For most researchers, total monthly cost sits at £15-25. Run the workflow during off-peak hours if your orchestration platform charges by execution time.
Citation Extraction
The workflow above includes a basic citation template. For greater accuracy, integrate a dedicated citation extraction service like CrossRef API, which can look up DOIs and return formatted citations automatically.
Add this step after extracting the paper's DOI:
GET https://api.crossref.org/works/{DOI}
The response includes author, title, publication year, and journal. Format these into any citation standard you need.

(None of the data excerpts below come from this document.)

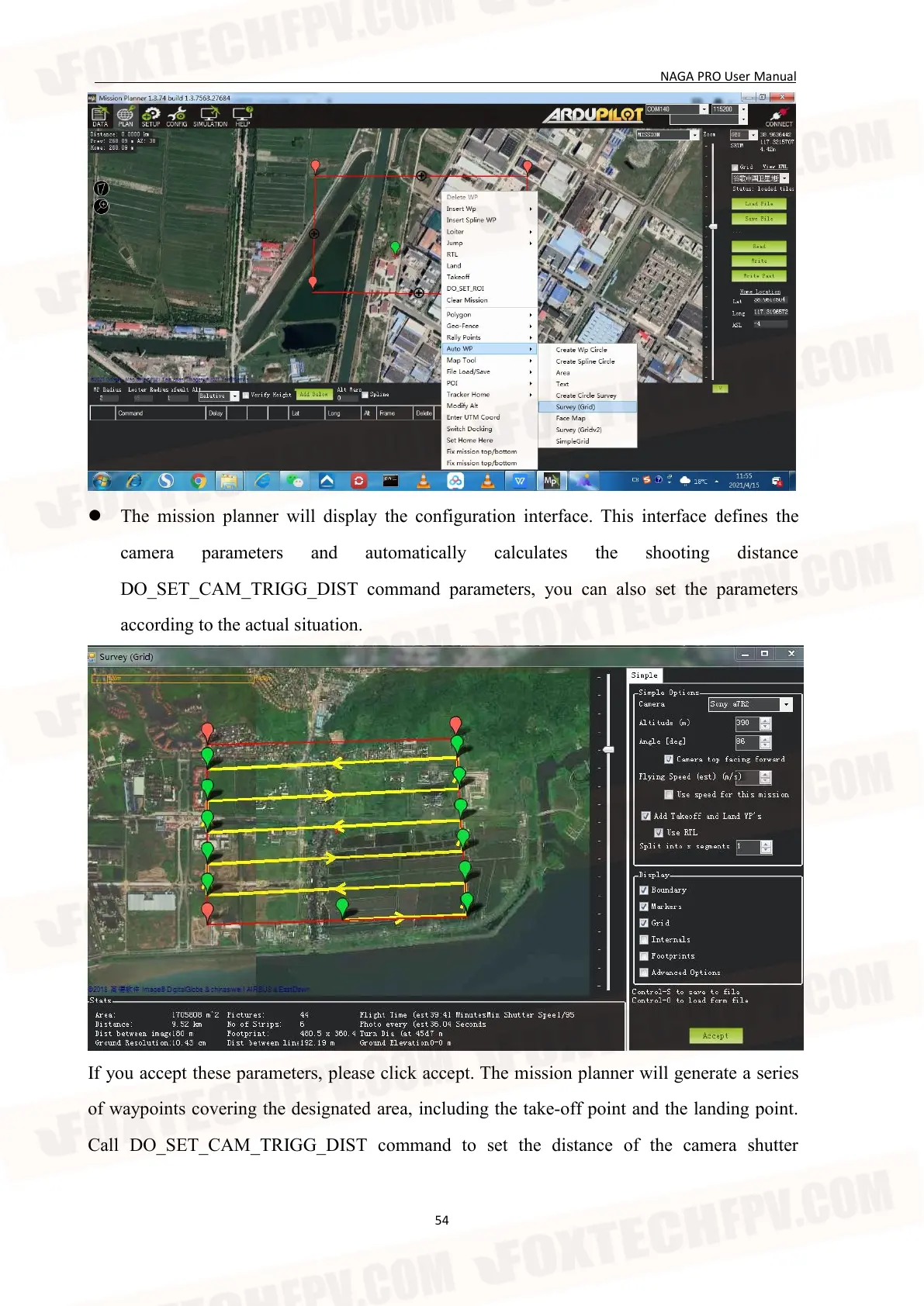 If you accept these parameters, please click accept. The mission planner will generate a series
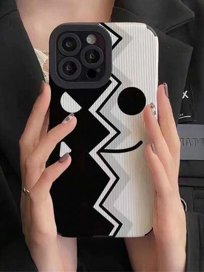 1pc Interesting Black & White Blocked Face Emoji Phone Case Compatible With Iphone - Multicolor - View 1
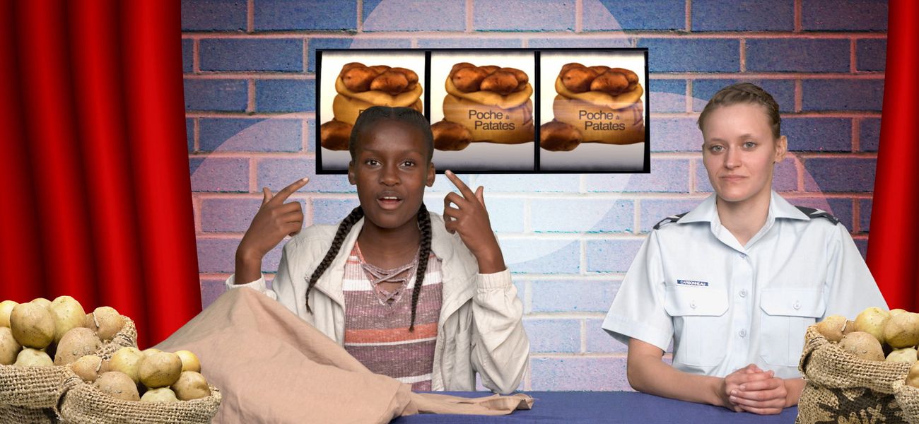 Il y a plusieurs objets caractéristiques d'un métier dans une poche à patates. Les jeunes animateurs doivent deviner ce qu'ils sont et à quoi ils servent. On passe ensuite en revue chaque objet en expliquant concrètement leur fonction. Dans cet épisode, la musicienne Sarah Carbonneau a apporté à Seana, des objets qui représentent le mieux son métier.
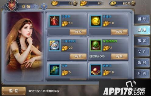 最直接的当然是商城值直接花费绑元购买,不要以为这是大R玩家的天下,绑元在游戏中获取方式非常容易,适当够买马草与培养丹也是前期提升战力的不错选择
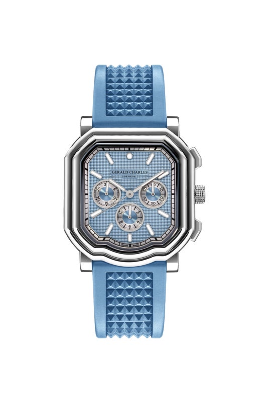 チタン製ケースのアンスラサイト仕上げは、ダークブラスト(Darkblast(R))加工という独自のパウダーを用いたサンドブラスト技術によって実現されたもので、ソフトでベルベットのような色合いを醸し出しながら、耐傷性を高め、大胆な存在感を維持します。さらに、ステンレススティールバージョンに施されたアイスブルーのアクセントは、ジェンタ氏の色彩への愛情へのオマージュであり、デザインに遊び心と洗練されたひねりを加えています。
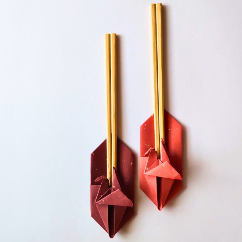 鶴が羽ばたいている箸袋は、箸を出したら箸置きとしても使えます。
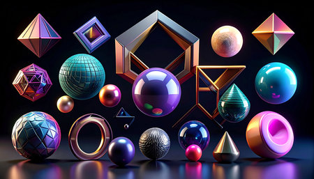 A collection of various 3D geometric shapes like spheres, pyramids, cubes, and prisms scattered on a gradient surface.
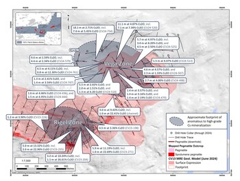 The newly named "Rigel Zone" is situated coincident with the apex of the structural flexure at CV13 and is estimated through drilling to have a high-grade footprint of approximately 200 m x 80 m at up to ~5 m thick. This zone includes the highest cesium grades reported to date from the Property – 1.1 m at 26.61% Cs2O (CV23-204) and 2.0 m at 22.90% Cs2O (CV23-255) – which imply intervals of near-massive pollucite and represent some of the highest known cesium grades reported globally in recent years.
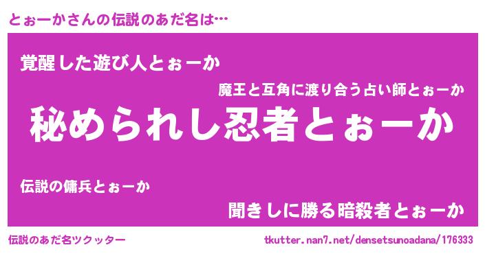 | 意味不明あだ名 | 『とぉーかフォーエバー』『自称とぉーか』 |
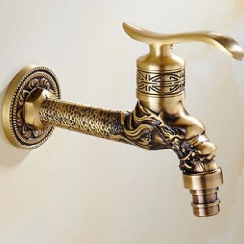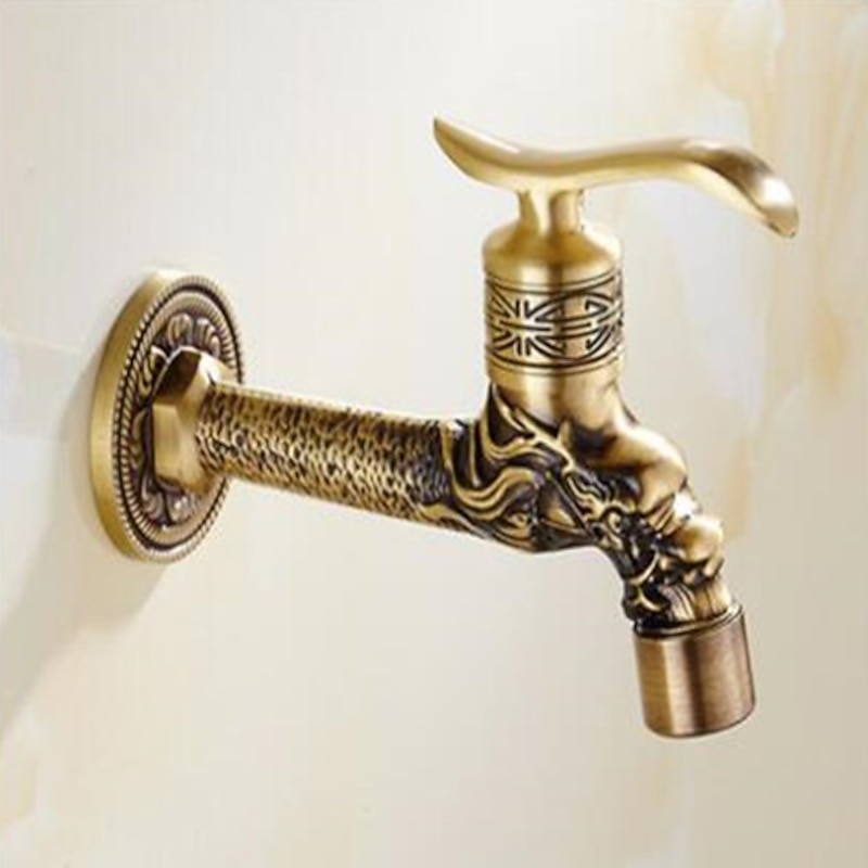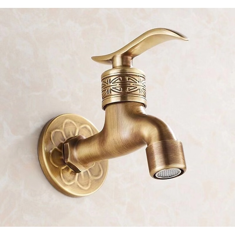 Outdoor Faucet,Wall Mount Antique Brass Faucet,Garden Outdoor Decorative Hose 1/2 inch Connection Spigot Carving Desigh with Cold Water Only
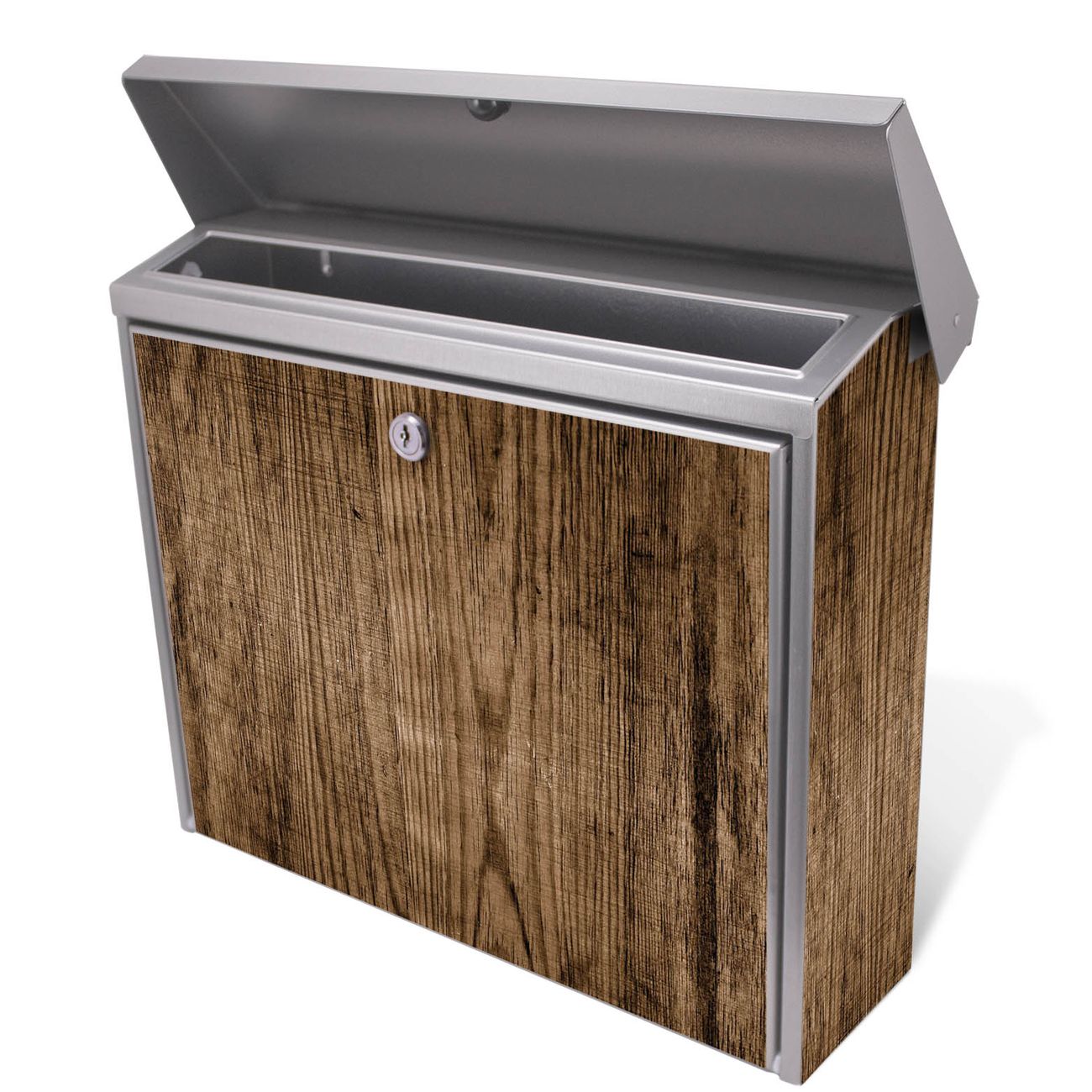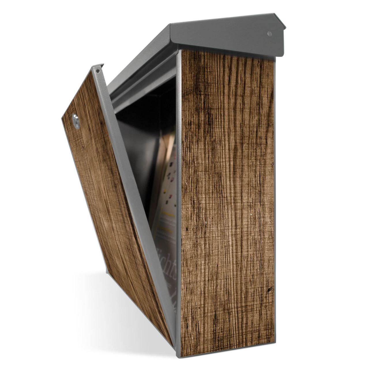 Der Postkasten mit Maserung Dunkel Motiv hat ein sehr ansprechendes und zeitloses Design. Unsere Motivpalette hält jede Menge Varianten bereit, ob klassisch, modern, verspielt oder witzig - für jeden haben wir das passende Motiv parat. Der Briefkasten ist das Aushängeschild Ihres Hauses.
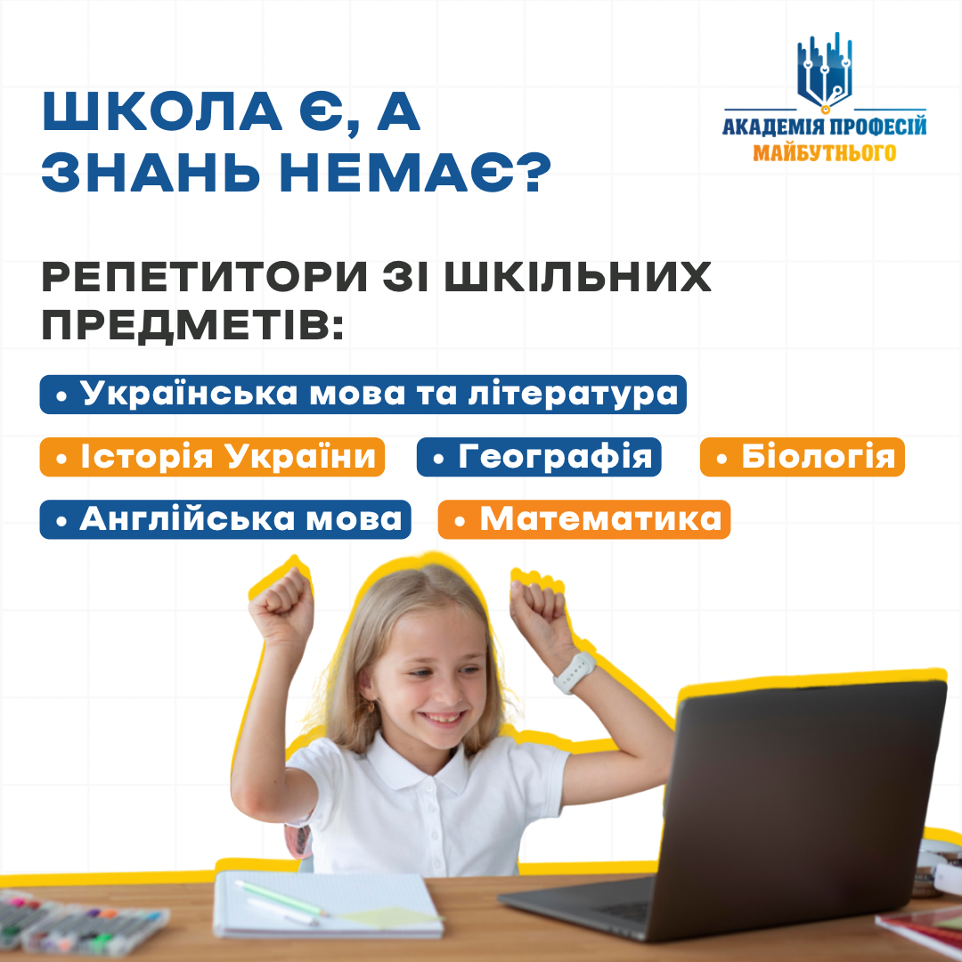 Онлайн-репетитор для учнів 1-9 класів. Індивідуальний графік та 3 формати навчання: персонально, в дуеті або групі до 4 осіб. Живі уроки з викладачем та технічна підтримка на всіх етапах.

Testing with Small Batches
Before running against your entire research library, test the workflow with 3-5 papers of different types: journal articles, conference papers, preprints, and older PDFs scanned at low resolution. This reveals which papers your setup cannot handle and lets you adjust prompts or settings before scaling up.
Cost Breakdown
| Tool | Plan Needed | Monthly Cost | Notes |
|---|---|---|---|
| Chat-with-PDF (Copilotus) | Pro | £7.99 | Unlimited uploads and API calls |
| ExplainPaper | Pro | £7.99 | Required for API access; free tier is web-only |
| SMMRY | Free | £0.00 | 200 summaries per day; paid tier for higher volume |
| n8n (Cloud) | Starter | £20.00 | Self-hosted option is free; cloud includes 1000 workflow executions/month |
| n8n (Self-Hosted) | N/A | £0.00 | Free but requires server infrastructure |
| Google Drive / Docs / Sheets | Free | £0.00 | Included with Google Workspace or free tier |
| Total (Cloud Setup) | £35.98 | Per month | |
| Total (Self-Hosted Setup) | £15.98 | Per month |
If you process 50 papers per month, the cost per paper is less than £0.72 using the cloud setup or £0.32 using self-hosted n8n. Compare this to the 5-7 hours a researcher would spend manually, and the automation pays for itself within the first week.